All of that aside, here is a splendid project that shows Andsnes’s pianism at its best. It begins with him serving as accompanist in the version of Via Crucis Liszt arranged for vocal soloists, choir, and piano. While all of the music on this recording might be called “introspective,” Via Crucis radiates a pious austerity that may surprise those accustomed to the composer’s more famous works. Absent is the flair of the first Mephisto Waltz, or the rollicking fun of some of the Hungarian Rhapsodies. The seriousness suggested by the subject matter (the 14 “Stations,” or meditations, relating to Christ’s suffering and death during Good Friday) is alleviated slightly only by some lyrical tenderness in the final two numbers. Andsnes plays his part with a gentle strength that fits the atmosphere perfectly. It’s not music I’d listen to every day, but I don’t know how it could be done much better.

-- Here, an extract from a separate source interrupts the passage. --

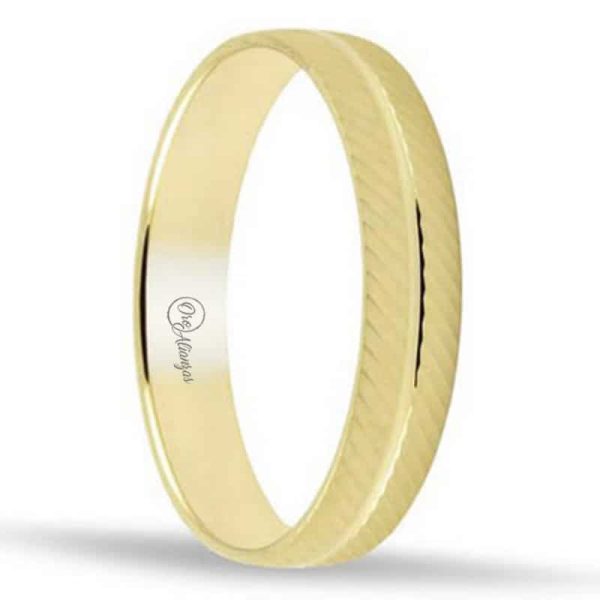Alianza en oro Amarillo 18k media caรฑa estriado diagonal, con canal central en brillo y 4 de ancho e interior plano.
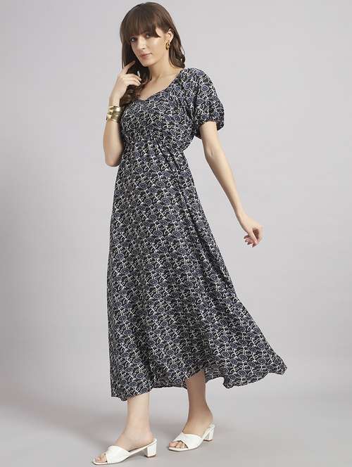 - Dress up in a soothing pattern and don this dress made of crepe material.

I’m a longtime devotee of the six Consolations, having played most of them myself. I find this music every bit as comforting as the title suggests. Good interpreters are plenty, including Sandrine Erdely-Sayo on a recording issued just last summer (Navona NV6632). But Andsnes applies a skill and conviction that are difficult to match. Although Hayes is correct insofar as this is not the most technically demanding fare by Liszt, I doubt any novice would be able to replicate Andsnes’s animating sweep. In his hands these pieces seem to have life and breath of their own; in the hands of someone like me they merely tinkle along pleasantly (if I’m lucky). Virtuosity doesn’t only manifest itself in the fast, loud, and notey.

What the two included selections from Harmonies poétiques et religieuses reinforce for me is that Liszt knew how to reconcile the numinous with ordinary human experience better than almost everyone else. He did this in his introspective and virtuosic music alike. The Andante lagrimoso may lack the technical brilliance of its collection-mate, Funérailles, but the outpouring of grief is no less affecting. It speaks as directly as anything Liszt wrote, enriched by his distinctive character and imagination. With the Miserere, d’après Palestrina we start to veer back toward the virtuosic with rapid arpeggios later surrounding a hymn-like tune presented at the outset. It’s a short piece, but just the right length to match the plaintive prayer for mercy inscribed on the score. Andsnes gives wonderful renditions of both pieces.

In his book The Romantic Generation, Charles Rosen tackles the perennial charge of vulgarity against Liszt and seems to suggest that this vulgarity somewhat paradoxically comprises part of the composer’s unique greatness as a Romantic artist. But maybe Liszt’s willingness to indulge the popular impulse is not so much vulgarity as it is a valid wish to connect with listeners on an immediate level. Maybe what many haughtily see as bad taste in Liszt is instead an incomparably big-hearted artist embracing the visceral as part of music that is both exhilarating and poignant. In the end Liszt’s “introspective” works aren’t anti-virtuosic; they’re just different corners of the vibrant world that he invites us to inhabit with him.